The studio is warm from the 2,000 degree heat of the ovens. Glass blowing involves three furnaces. The first, which contains a crucible of molten glass, is simply referred to as "the furnace." The second is called the "glory hole," and is used to reheat a piece in between steps of working with it. The final furnace is called the "lehr" or "annealer," and is used to slowly cool the glass over a period of a few hours for small pieces to a few days for larger pieces. This keeps the glass from cracking due to thermal stress.

Bernadette Reed is the instructional support technician for the glass blowing class. She has a degree in general arts from Cal State Long Beach. Reed said she has been working at Palomar for 10 years. She said she started working in ceramics but decided she liked working with glass instead. She helped build the 350-pound furnaces used in the glassblowing studio.

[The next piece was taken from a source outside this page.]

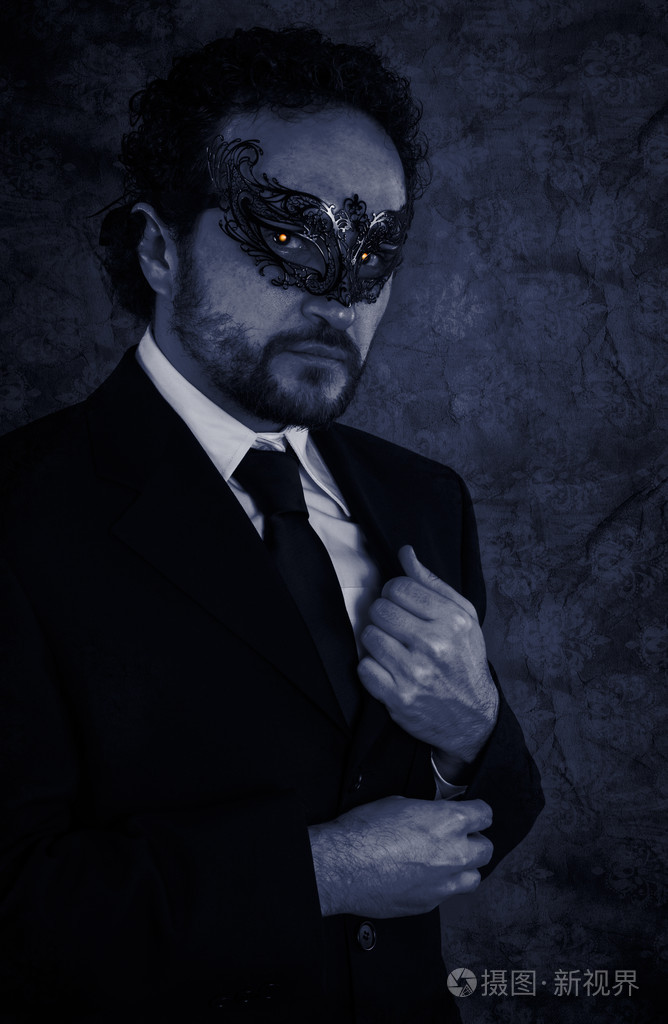 吸血鬼蒙面神秘男子和优雅的黑色西装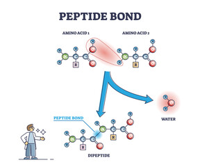 Peptide bond as amino acids formation in protein biosynthesis reaction outline diagram, transparent background. Labeled educational biochemical process explanation with dipeptide.

Student Acee Grupe said he has been interested in glass since he was 5-years-old when he saw a glass paperweight at his grandma's house that fascinated him.

"I would look at the glass paperweight and wonder how color and bubbles got in there," Grupe said. "Growing up, I always thought glass blowing was cool. I enrolled in the glass blowing class with Cohen and now I'm hooked for life."

He said he has been working with glass for the past eight months and said it's dangerous work because of the hot fires from the furnace and glory hole. He said he has been burnt, but said the thrill and dangerous process has kept him intrigued.